Well, it’s time to roll the hard six.
I’ve just mailed the first eight pages of Astro-Knight Princess to Dark Horse, along with my series proposal. Hopefully they’ll like it more than my last submission, but even if they don’t, it’s a great enough idea that I’ll work on it with or without them. After all, self-publication is all the rage these days.
At this time in the proceedings, I think it’s good to share a story of regret and missed opportunities. I hope anyone reading this who is hesitant to take their own leap into the unknown will be inspired to take the risk and see just how far they can go.
Ten years ago, I had an opportunity to write for Marvel Comics.
It was the summer of 2004. I was feeling oddly spunky and inspired, having just finished a thousand-page outline for a massive story I had thought of three years before. Every spare moment of those three years was spent working on the story or thinking of new aspects to it. I was so happy to be finished that I decided that I should submit the idea to someone. The first company I thought of was Marvel Comics.
I had loved Marvel ever since I was introduced to them through the Age of Apocalypse. I stuck with them through Heroes Reborn (I still have every issue, that’s how dedicated I was), and through The Search for Xavier and The Magneto War. I stuck by them through Spider-Man’s fracture into the Dusk, Hornet, Prodigy, and Ricochet aliases. I stuck by them through it all. And I wanted, more than anything, to write for them.
I submitted a query letter, which was the style at the time, detailing how much their comics had inspired me, and how I felt I had a lot to offer them. In my egotism, I even told them I could salvage Ghost Rider (which was not doing so hot at the time). I finished my letter full of hope and a dash of pride. I mailed it, and waited.
Two months later, a reply came from Teresa Focarile, an editor at Marvel. She thanked me for my letter and wanted to read my work, and asked me to submit a writing sample.
An editor from Marvel Comics asked me to send in a writing sample!
I was beyond words, beyond thrilled, beyond thought. I rushed to my computer, eager to write something and submit it that day!
But I froze. Dark thoughts entered my head. They told me I was no writer, that my ideas were laughable. They told me that no one would ever like my work, that it was pointless to even try. Why waste her time? She was a busy Marvel editor, and didn’t have time to read my crap.

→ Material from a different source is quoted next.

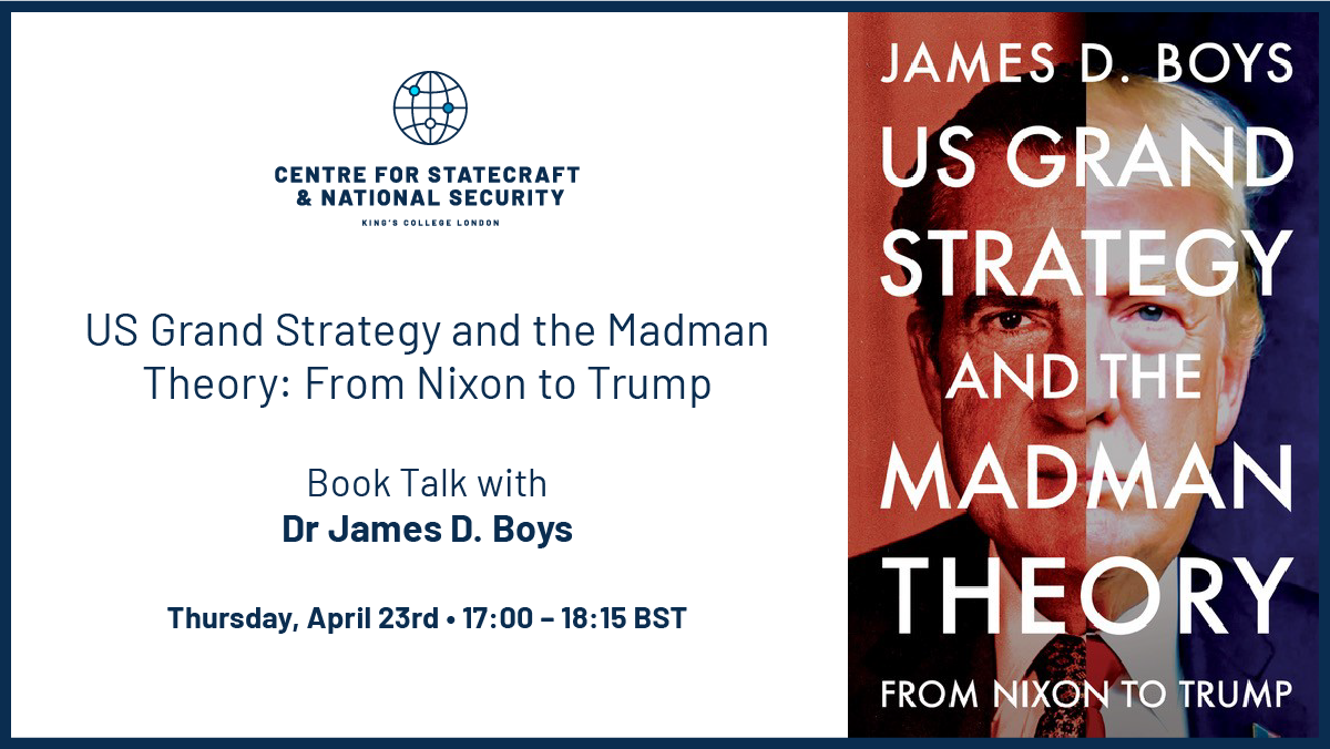 The Centre for Statecraft & National Security is excited to host James D. Boys for a talk about his new book, US Grand Strategy and the Madman Theory: From Nixon to Trump.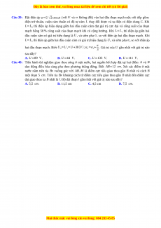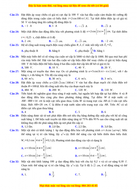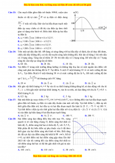 Câu 23: Đặt điện áp xoay chiều có giá trị cực đại là 100 V vào hai đầu cuộn cảm thuần thì cường độ

I never submitted anything. And I’ve spent the last ten years regretting it as I’ve drifted from one dead-end job to the next. I wondered what would have happened if I had only submitted a simple piece of writing. Even if I had been rejected, I would have known. But now, all I can do is wonder, while at the same time not wasting any more time. I am a writer, and it’s time to show the world what I can do.
Don’t make the same mistake I did. If you have a great piece of music, a fantastic piece of art, a tantalizing collection of words, then try to get it into someone’s — anyone’s — hands. Fight for your dreams, pursue your hopes, and claw your way to the top. And don’t give up until you get there.
Because, believe me, the alternative is nothing but regret and wasted time.